On dira simplement que nous sommes dépendants de l'eau, et non à l'eau, ce qui fait toute la différence, alors que le fumeur est dépendant au tabac. Ah, les prépositions !
Si haut qu'on soit placé, on n'est jamais assis que sur son cul (MONTAIGNE).

Invité

Message par Invité » lun. 02 juil. 2007, 21:48

Dans la dernière parution du petit opuscule DLF, je suis tombé sur un article (p26) qui évoque un mot, non cité ici, qui me semble pourtant en plein dans notre sujet, le mot: "assuétude".

Voilà bien le mot qui peut faire barrage à addiction, non?

Encore faudrait-il le connaître, il est vrai. Il faudrait qu'il sorte du cercle des psy..

Définitions:
1. L'assuétude est un continuum, c'est-à-dire qu'il est un cercle vicieux, qui recommence sans arrêt et qui n'a pas de fin sans intervention.

2. L'assuétude détourne la personne de tous ses autres centres d'intérêt, ce qui veut dire que l'usage de la ou des drogues devient omniprésent, en éliminant progressivement tous les autres centres d'intérêt de la personne.
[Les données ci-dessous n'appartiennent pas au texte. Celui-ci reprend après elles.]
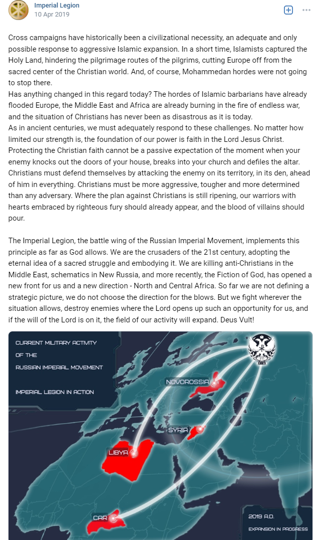 The Imperial Movement refers to this as their glorious Crusade against “Hordes of Islamic Barbarians”, adopting the “Counterjihad” rhetoric of various global far-right groups, while the Russian state probably looks at as simple geopolitical power playing, but either way, what we can see here is that far-right and Neo-Nazi groups have built a similar “state within a state” type structure in Russia as what exists in Ukraine, and like with the Ukrainians the Russians have accepted these structures for pragmatic purposes, more bodies to throw at their war efforts.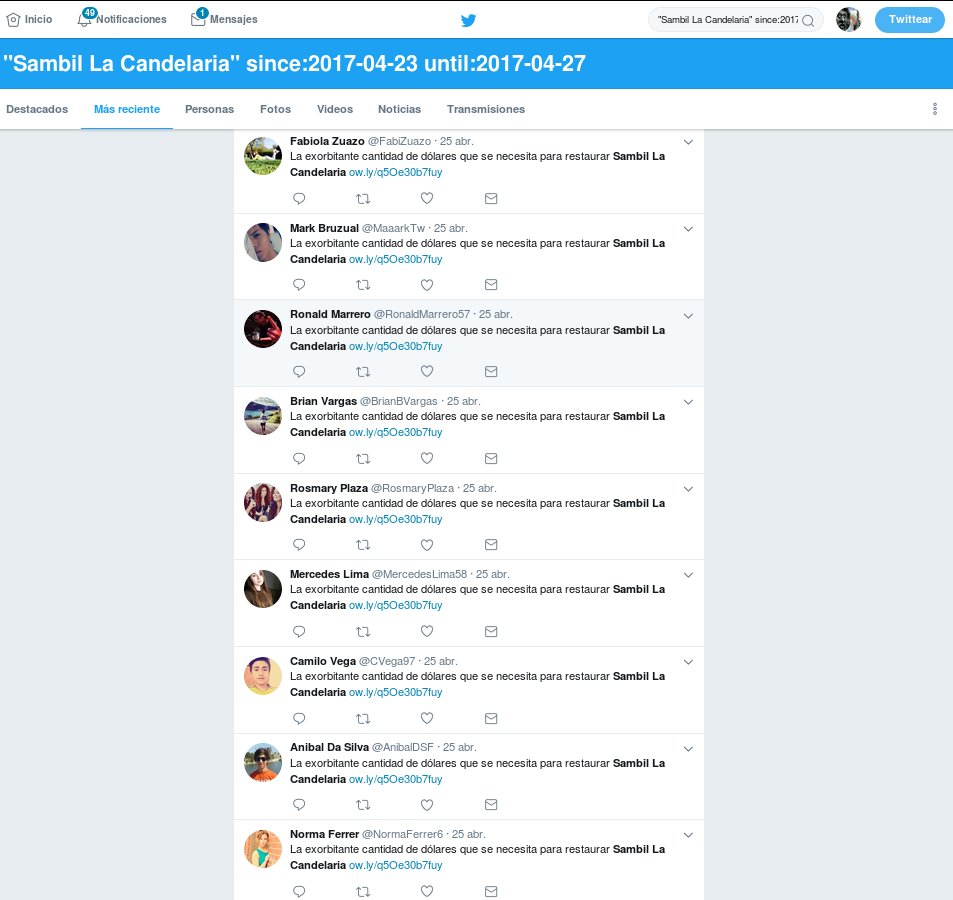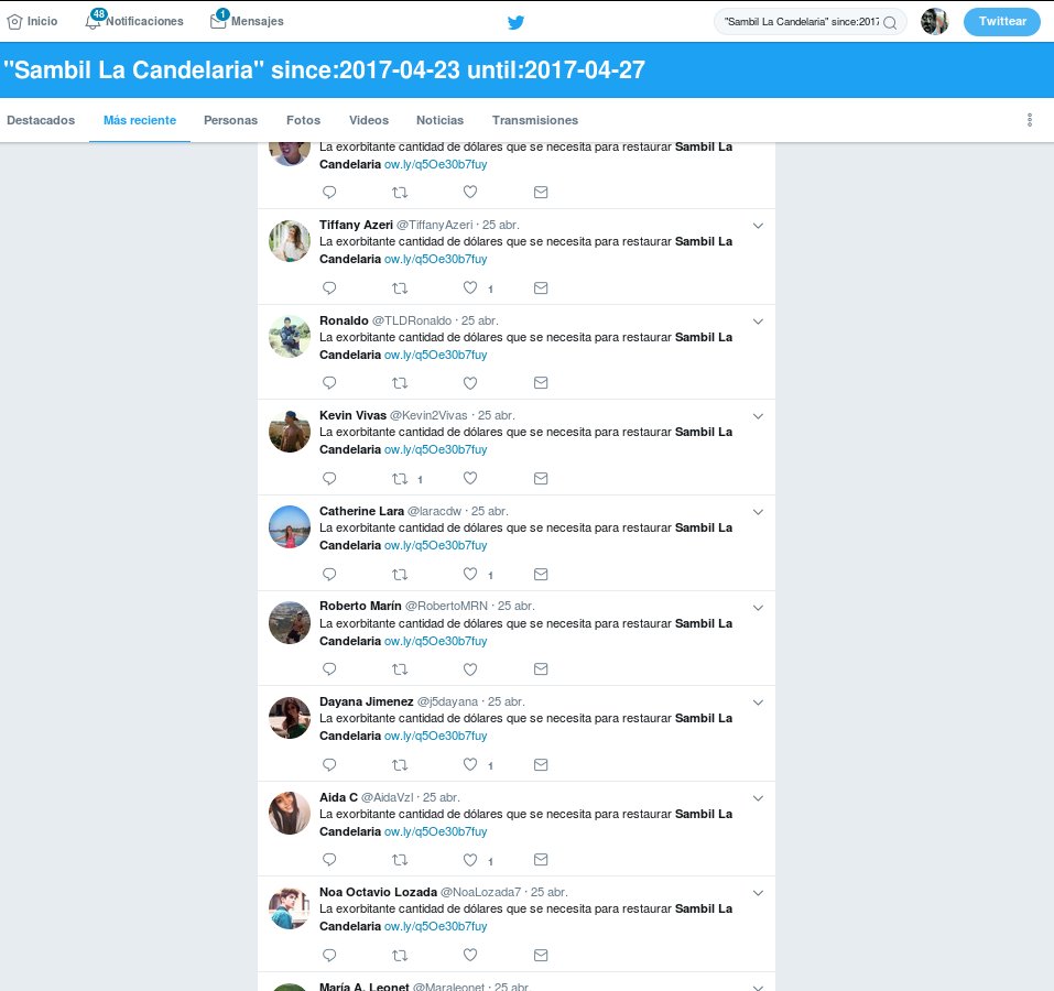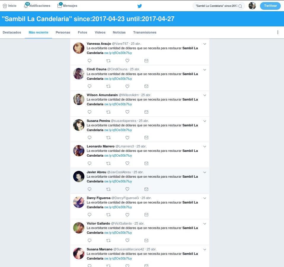Las siguientes capturas muestran, por ejemplo, cómo cientos de bots impulsaron una noticia del sitio web opositor El Cooperante sobre el centro comercial Sambil de La Candelaria el pasado 25 de abril de 2017, un tema que se convirtió en tendencia ese mismo día.

3. L'assuétude n'est pas une expérience agréable, en bref, que la personne utilise des psychotropes presque uniquement dans le but de soulager sa souffrance et qu'il n'y a plus le plaisir lié à la consommation, comme au début.

4. L'assuétude est l'incapacité de choisir de ne pas faire quelque chose, c'est-à-dire que la personne a placé le ou les psychotropes au centre de sa vie et qu'elle ne vit que pour cela. La ou les substances la dominent totalement et la personne n'est plus maître de sa vie.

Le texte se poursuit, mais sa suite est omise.